▶ [Extracted entries]:
####

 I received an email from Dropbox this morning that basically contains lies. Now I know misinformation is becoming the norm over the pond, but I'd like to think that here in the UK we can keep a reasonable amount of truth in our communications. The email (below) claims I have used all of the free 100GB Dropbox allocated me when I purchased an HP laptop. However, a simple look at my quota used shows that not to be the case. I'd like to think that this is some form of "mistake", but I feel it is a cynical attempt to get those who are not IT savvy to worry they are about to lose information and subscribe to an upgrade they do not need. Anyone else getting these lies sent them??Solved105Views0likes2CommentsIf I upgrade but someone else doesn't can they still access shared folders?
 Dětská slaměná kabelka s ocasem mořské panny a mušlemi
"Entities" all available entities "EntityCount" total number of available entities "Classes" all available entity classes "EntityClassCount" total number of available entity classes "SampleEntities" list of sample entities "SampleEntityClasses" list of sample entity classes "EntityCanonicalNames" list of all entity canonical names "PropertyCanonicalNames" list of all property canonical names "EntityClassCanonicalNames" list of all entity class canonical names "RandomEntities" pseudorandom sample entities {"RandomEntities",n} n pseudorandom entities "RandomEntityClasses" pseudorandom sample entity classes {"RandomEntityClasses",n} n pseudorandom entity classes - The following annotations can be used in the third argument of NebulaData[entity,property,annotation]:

####

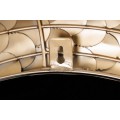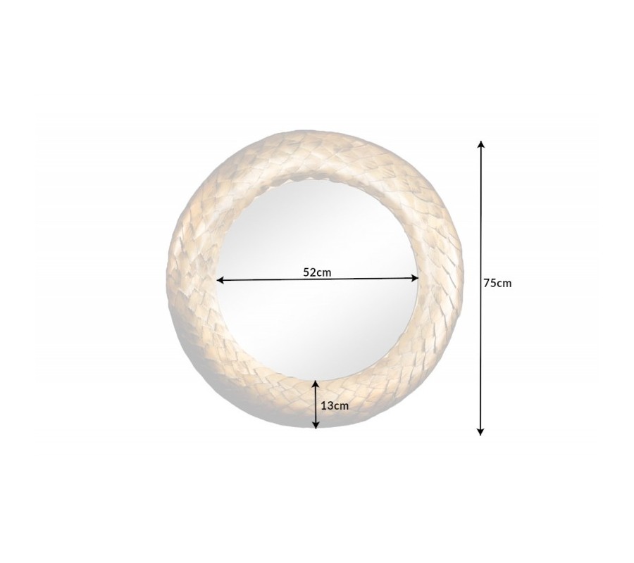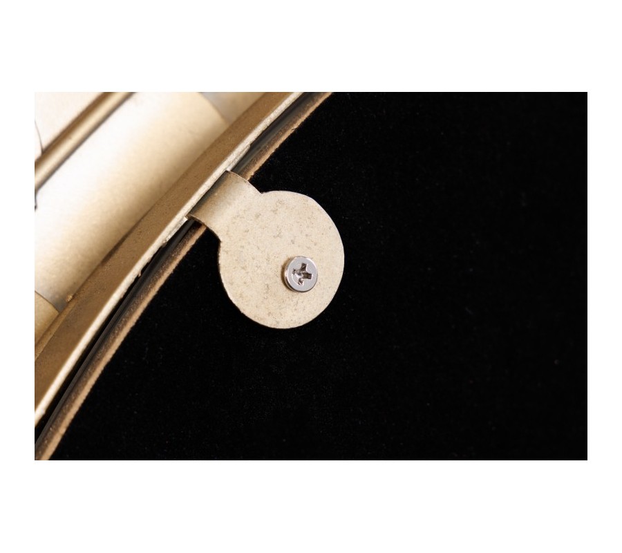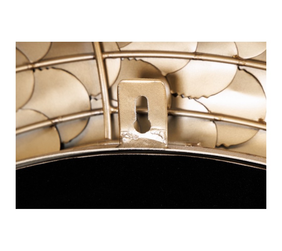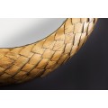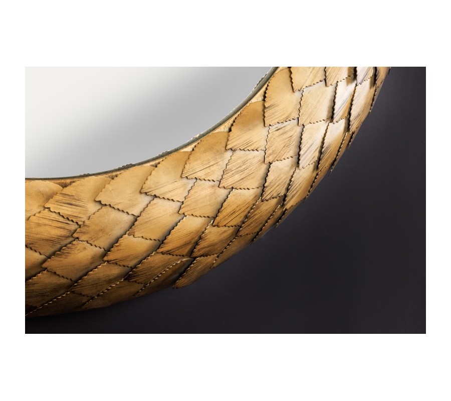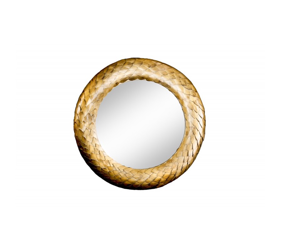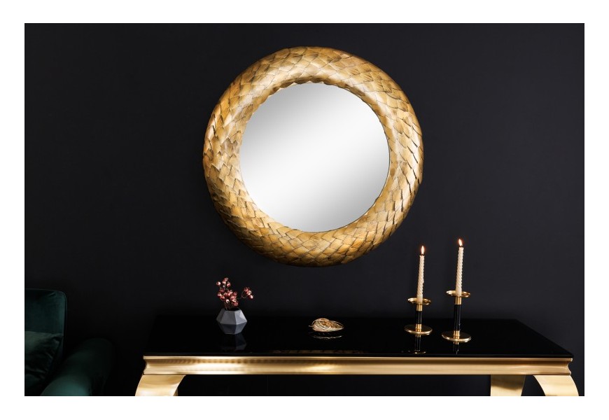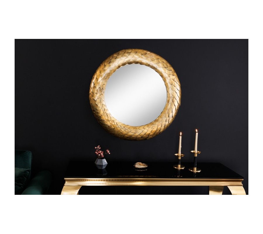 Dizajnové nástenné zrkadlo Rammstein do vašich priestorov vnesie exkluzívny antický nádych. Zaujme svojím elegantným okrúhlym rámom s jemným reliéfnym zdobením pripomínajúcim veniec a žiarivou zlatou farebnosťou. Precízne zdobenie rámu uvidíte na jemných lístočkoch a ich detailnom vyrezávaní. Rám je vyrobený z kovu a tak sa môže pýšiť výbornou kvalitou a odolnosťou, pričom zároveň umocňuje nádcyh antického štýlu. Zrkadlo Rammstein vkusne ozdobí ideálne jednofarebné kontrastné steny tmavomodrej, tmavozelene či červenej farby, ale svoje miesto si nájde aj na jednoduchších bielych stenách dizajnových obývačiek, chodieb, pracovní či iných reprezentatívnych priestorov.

####

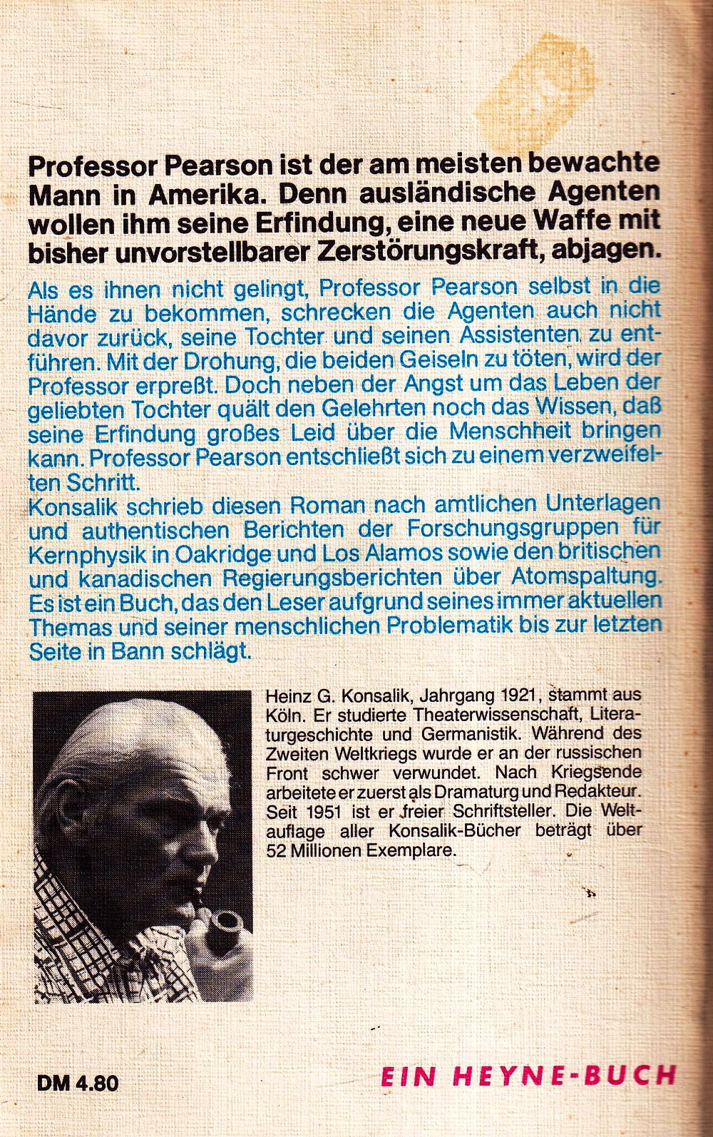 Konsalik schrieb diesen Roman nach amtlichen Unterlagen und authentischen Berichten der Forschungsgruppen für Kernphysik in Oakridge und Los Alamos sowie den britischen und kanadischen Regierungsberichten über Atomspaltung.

####

▶ [Task goal]: Give the exact lines, and only those, from the line containing "I received an" through the line containing "Dětská slaměná kabelka" in the entries above.

▶ [Solution to this task]:
 I received an email from Dropbox this morning that basically contains lies. Now I know misinformation is becoming the norm over the pond, but I'd like to think that here in the UK we can keep a reasonable amount of truth in our communications. The email (below) claims I have used all of the free 100GB Dropbox allocated me when I purchased an HP laptop. However, a simple look at my quota used shows that not to be the case. I'd like to think that this is some form of "mistake", but I feel it is a cynical attempt to get those who are not IT savvy to worry they are about to lose information and subscribe to an upgrade they do not need. Anyone else getting these lies sent them??Solved105Views0likes2CommentsIf I upgrade but someone else doesn't can they still access shared folders?
 Dětská slaměná kabelka s ocasem mořské panny a mušlemi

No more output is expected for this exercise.